Pork Kau Yuk and Bamboo Shoots

—Lani Ishikawa Nedbalek

In the late 1930s my father and a few friends met for a game of mah jong in the back room of a Chinese general store in Wahiawa. On that evening, their game was interrupted by a delicious aroma and a shout from the adjoining area. The call summoned not only the proprietor’s family, but also enticed the mah jong players to a dinner of “Pork Kau Yuk and Bamboo Shoots.” This recipe has been prepared by my mother ever since.

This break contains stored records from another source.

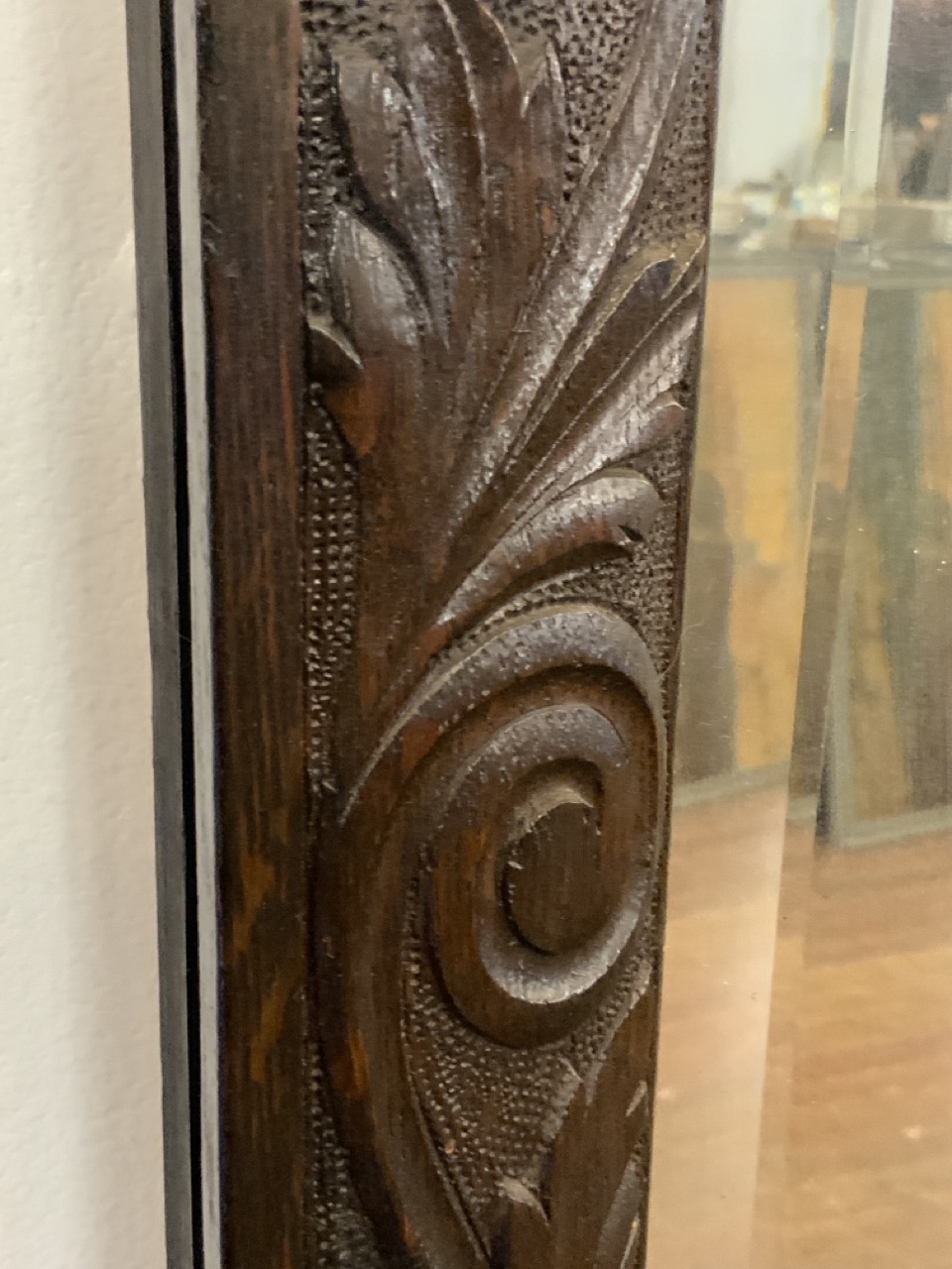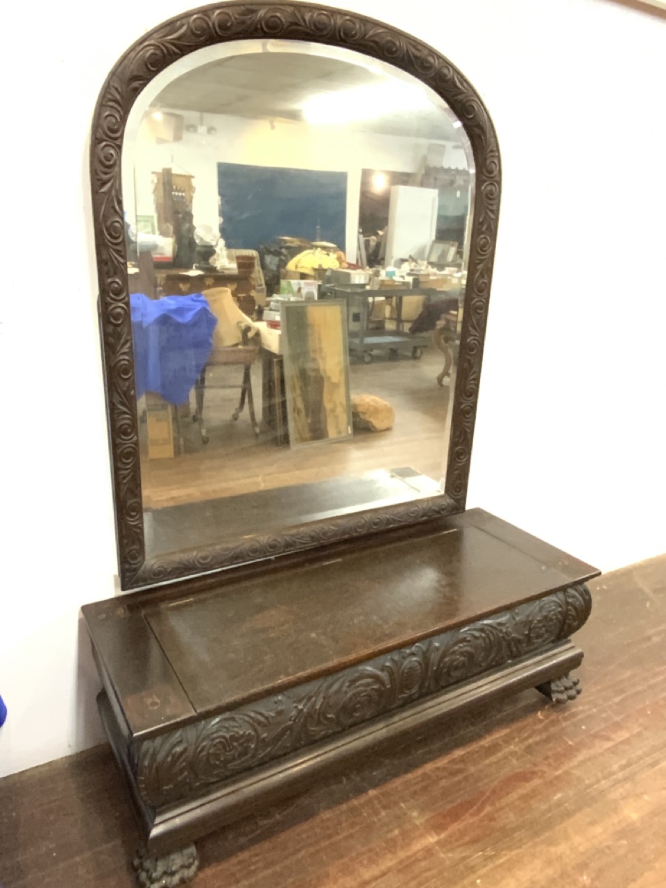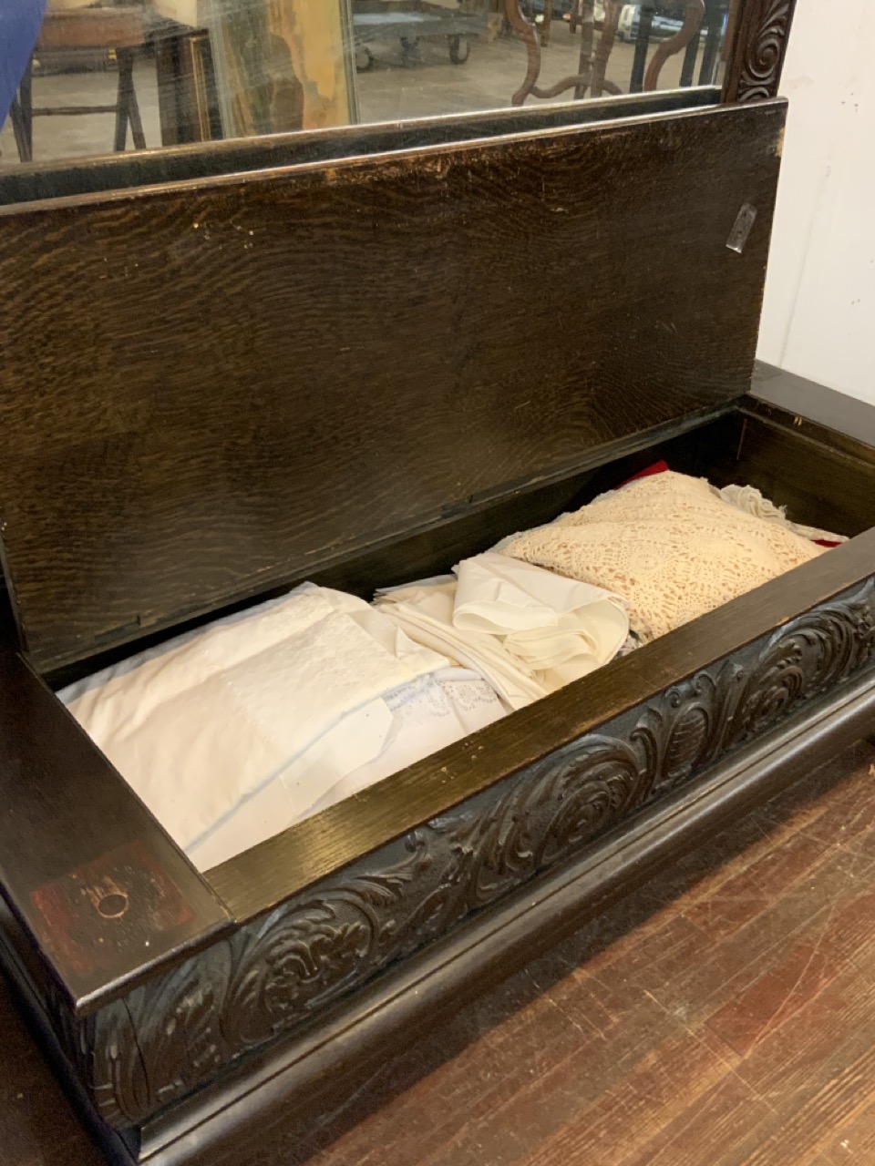 Large carved dark oak pier mirror with matching bench with storage.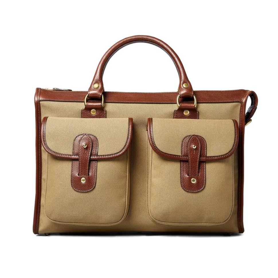 From the office to train’s quiet car, the Examiner No. 5 in Khaki Twill – Vintage Chestnut is an ideal choice for the modern-day professional. Fesigned with classic lines and features two exterior flap pockets with signature brass point and leather tab closures, it boasts elegance at its most understated. Bonus: the rear exterior open pocket fits a newspaper or small umbrella and the interior laptop sleeve can fit up to a 15″ laptop.
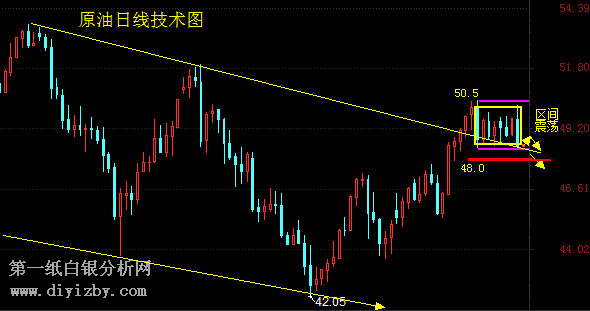 原因技術(shù)面解析:從日線上不難看出,原油這一周絕大多數(shù)時(shí)段都波動(dòng)在48.5至51美元之間,收線方面也是呈現(xiàn)出一陰一陽(yáng),間隔穿插收線的局面,可以說本周原油的走勢(shì)相當(dāng)類似,漲一天跌一天的。目前日線布林帶開口有所收縮,,油價(jià)運(yùn)行于中軌偏上方的位置,中軌聯(lián)合斐波那契回調(diào)線38.2%在48.3的位置提供支撐位,上方5日及10日均線死叉下行,并在49.1附近存在阻力位,MACD上快慢線死叉下行,下行動(dòng)能柱再次開始放量,空頭氣息彌漫;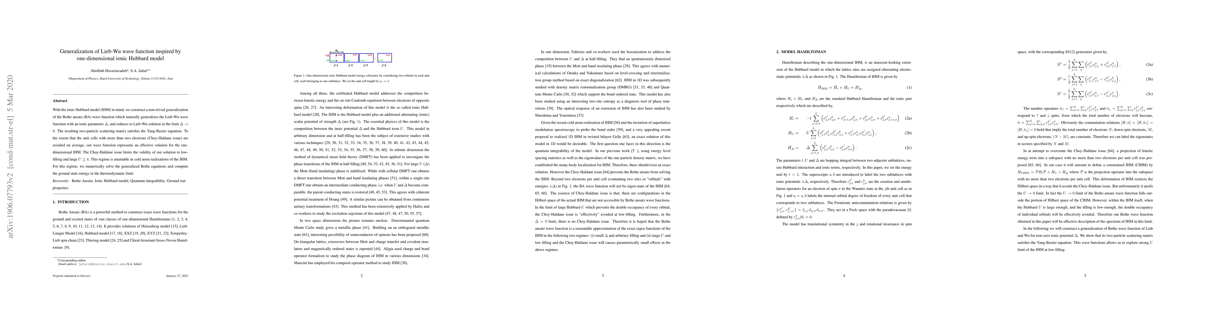 With the ionic Hubbard model (IHM) in mind, we construct a non-trivial generalization of the Bethe ansatz (BA) wave function which naturally generalizes the Lieb-Wu wave function with an ionic parameter $\Delta$, and reduces to Lieb-Wu solution in the limit $\Delta\to 0$. The resulting two-particle scattering matrix satisfies the Yang-Baxter equation. To the extent that the unit cells with more than two electrons (Choy-Haldane issue) are avoided on average, our wave function represents an effective soluiton for the one-dimensional IHM. The Choy-Haldane issue restricts the validity of our solution to low-filling and large $U\gtrsim 4$. This regime is attainable in cold atom realizations of the IHM. For this regime, we numerically solve the generalized Bethe equations and compute the ground state energy in the thermodynamic limit.
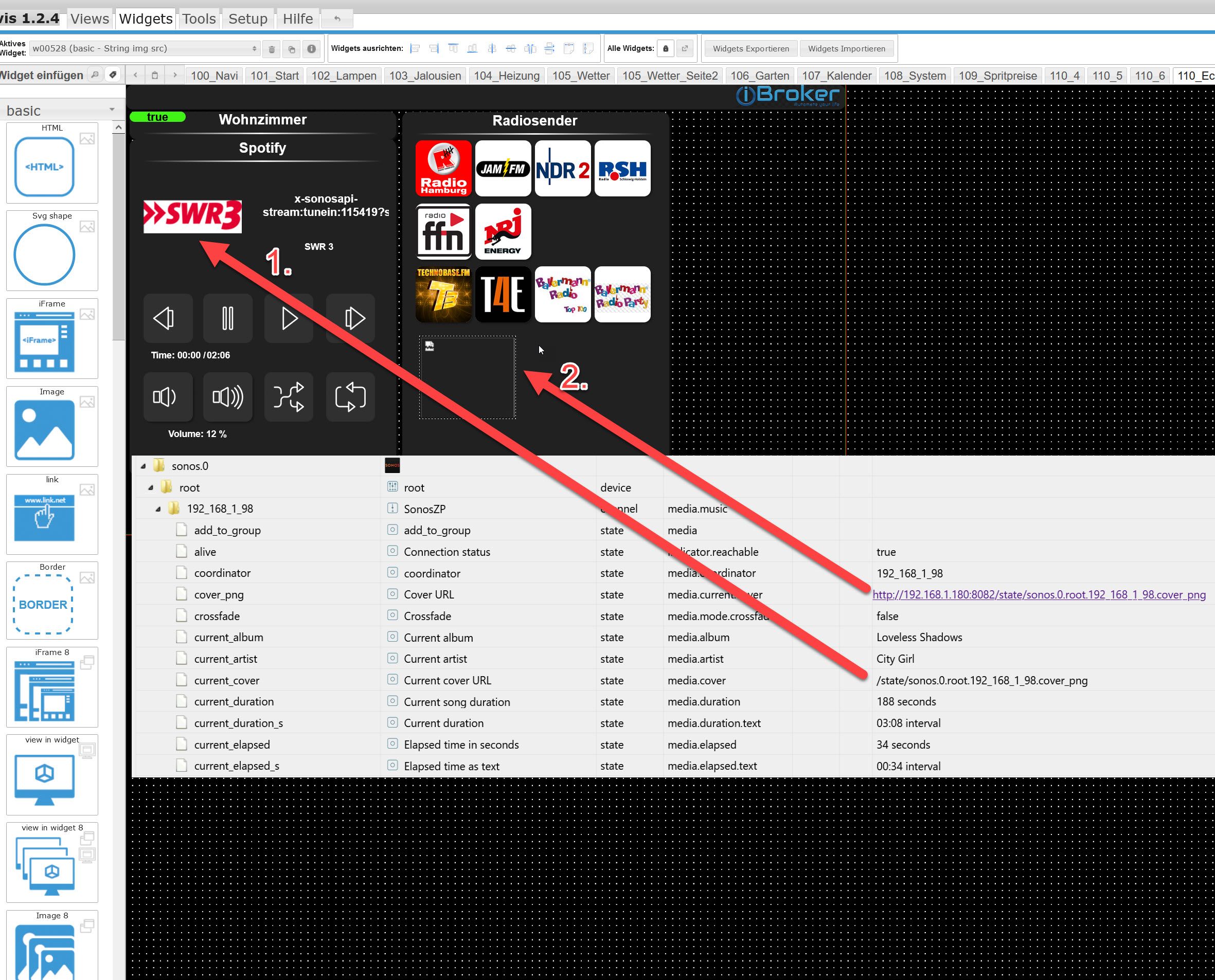 In der App sieht es bei beiden Widget so aus wie bei der Nummer 2.Beide Widgets sind String img src. Dem ersten habe ich die State ohne http zugewiesen. Dies wird im Browser angezeigt aber in der App nicht. Dann habe ich gelesen das es ein http benötigt. Dies ist in dem Sonos Adapter auch enthalten. Habe ich dann in dem 2ten Widget ausprobiert. Leider ohne Erfolg.

  • 1 pkg. dried bamboo shoots
  • 3 trays belly pork
  • 3 or 4 cloves garlic
  • 1 jar wet red bean curd (nam yue*)
  • 4 heaping Tbsp. brown sugar

Soak bamboo shoots in large pot for about two or three days. Rinse water frequently. Boil bamboo shoots, then cool in pot. Rinse, drain, then slice bamboo shoots into bite-size pieces. Discard any piece that knife will not easily cut.

Slice belly pork into 1 1/2-inch pieces. Stir-fry pork and garlic in large pot (too much frying will cause pork to become dry). Add bamboo shoots and water to cover. Add nam yue and brown sugar. Simmer on very low flame for about 2 hours, adding water when necessary (ingredients will make a brown gravy).